Across all the records below, how many lines contain "from"? Respond with only the number.

Data entries
※

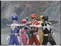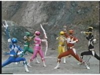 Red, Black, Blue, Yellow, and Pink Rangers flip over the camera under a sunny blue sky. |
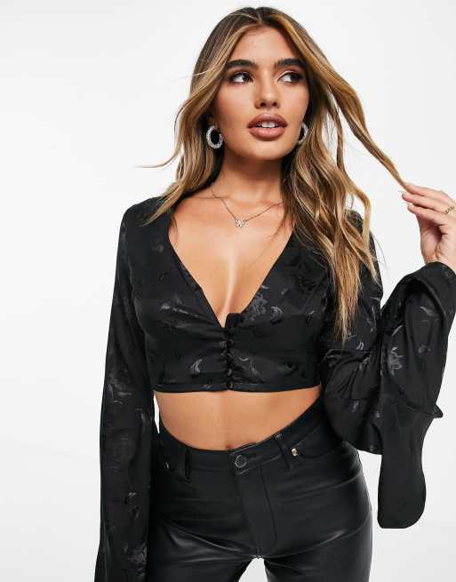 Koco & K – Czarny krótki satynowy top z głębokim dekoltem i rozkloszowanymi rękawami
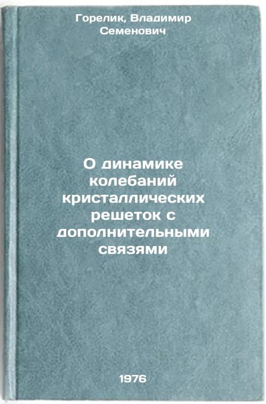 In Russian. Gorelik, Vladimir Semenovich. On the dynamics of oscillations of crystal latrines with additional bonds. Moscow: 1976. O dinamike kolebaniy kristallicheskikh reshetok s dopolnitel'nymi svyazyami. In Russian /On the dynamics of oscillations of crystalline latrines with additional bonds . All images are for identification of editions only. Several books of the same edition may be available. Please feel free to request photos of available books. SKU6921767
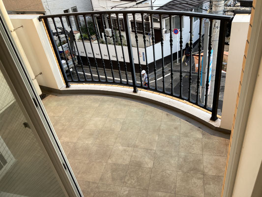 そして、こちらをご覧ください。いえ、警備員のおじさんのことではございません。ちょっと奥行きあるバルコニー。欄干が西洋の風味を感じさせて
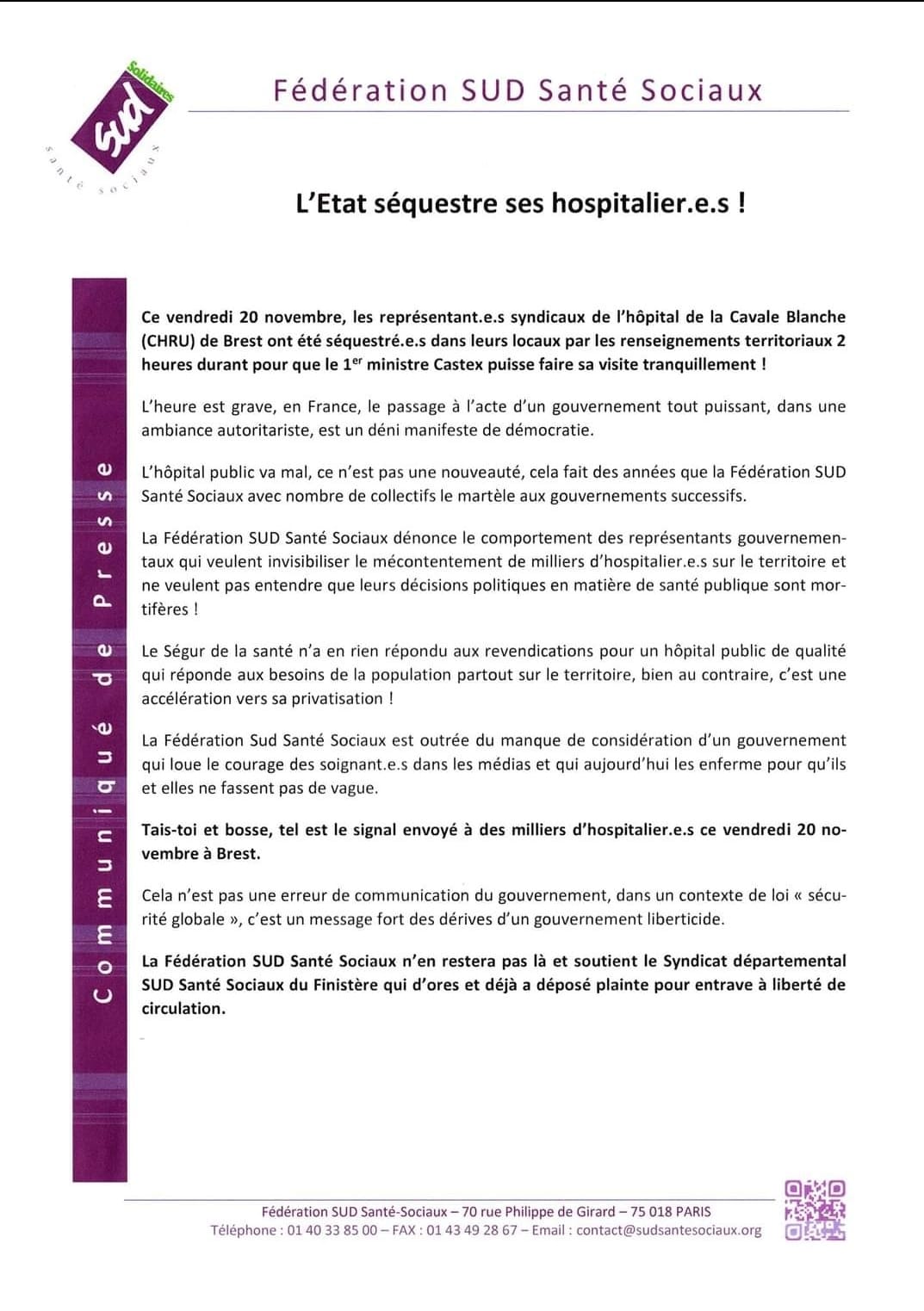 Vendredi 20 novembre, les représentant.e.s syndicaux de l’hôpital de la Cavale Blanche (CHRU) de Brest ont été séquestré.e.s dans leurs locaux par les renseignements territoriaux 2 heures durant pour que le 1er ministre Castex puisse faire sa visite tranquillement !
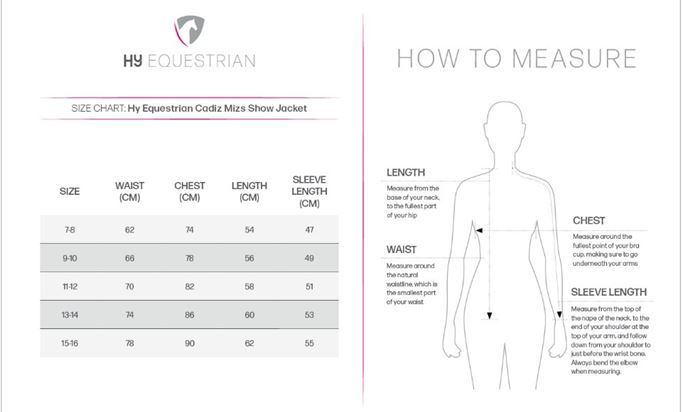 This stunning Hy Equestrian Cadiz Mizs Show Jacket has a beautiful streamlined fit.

※

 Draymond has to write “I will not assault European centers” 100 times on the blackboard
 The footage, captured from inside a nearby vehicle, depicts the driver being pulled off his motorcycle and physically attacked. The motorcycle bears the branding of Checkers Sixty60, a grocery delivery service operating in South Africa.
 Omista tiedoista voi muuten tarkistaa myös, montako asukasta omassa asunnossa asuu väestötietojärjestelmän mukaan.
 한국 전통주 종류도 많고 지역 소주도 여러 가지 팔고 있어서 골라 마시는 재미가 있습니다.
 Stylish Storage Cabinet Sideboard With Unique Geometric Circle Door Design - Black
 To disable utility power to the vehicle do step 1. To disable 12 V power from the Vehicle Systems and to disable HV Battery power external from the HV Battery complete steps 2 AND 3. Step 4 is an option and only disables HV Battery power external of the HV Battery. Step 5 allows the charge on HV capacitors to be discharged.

※

◆ FINISHED EXERCISE:
2